Issue with the tokenizer for French texts?
I observed a strange behavior of the tokenizer when dealing with texts in French. In particular, contrary to previous models, it seems to consistently remove the spaces before "!" or "?", e.g.
tokenizer.decode(tokenizer.encode("Ah ? Eh bien !"))
becomes
"Ah? Eh bien!"
(i.e. it defaults to English punctuation rules, which differs from the French one). I understand this might seem unimportant to some, but it does matter for my use case.
I can fix this by adding two spaces instead of one, but this does not feel like an elegant solution. Is there something I'm missing/doing wrong?
For context, I am using the transformers library (with the aim of fine-tuning the model).
Thanks!

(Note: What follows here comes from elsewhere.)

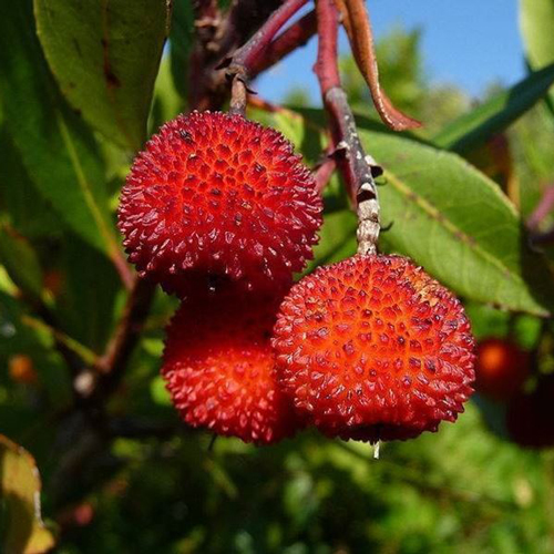 Albero o arbusto sempreverde originario dell’Irlanda e dei paesi che si affacciano sul mediterraneo, che può raggiungere i 9-10 metri di altezza, ma che più comunemente rimane di dimensioni intorno ai 4-5 metri. Ha corteccia grigio-marrone, che si sfoglia; le foglie sono oblunghe-lanceolate, dentate, verde scuro e lucide, simili a quelle dell’oleandro. A fine estate produce innumerevoli fiorellini bianchi, in alcune varietà soffusi di rosso o di verde, a forma di campana; nello stesso periodo maturano i frutti, che quindi impiegano quasi un anno intero per maturare, la particolarità del corbezzolo consiste nel fatto che sulla stessa pianta si possono trovare frutti maturi e fiori contemporaneamente. I frutti sono tondeggianti, giallo-rossi, dolci, con scorza leggermente rugosa, quando sono maturi tendono a cadere dall’albero. Il nome botanico del corbezzolo e Arbutus unedo L. Si tratta di un piccolo albero sempreverde che raggiunge un’altezza massima di dieci metri. Alcune varietà sono anche più piccole. La pianta, appartenente alla famiglia delle Ericaceae, è originaria del bacino del Mediterraneo, dell’Irlanda, dell’Asia e delle Americhe. La corteccia dell’albero si presenta rossastra e tende a scurire con l’avanzare dell’età.

Should be fixed by https://huggingface.co/mistralai/Mistral-Nemo-Instruct-2407/discussions/13.
Can confirm this fixes it :)
from transformers import AutoTokenizer
tokenizer = AutoTokenizer.from_pretrained('Xenova/Mistral-Nemo-Instruct-Tokenizer', revision='refs/pr/2')
tokenizer.decode(tokenizer.encode("Ah ? Eh bien !"))
# <s>Ah ? Eh bien !
Great, many thanks!
Will the tokenizer in the official repo change accordingly? In the meanwhile, I'll use yours :)
Just got merged! :) You can now access it normally.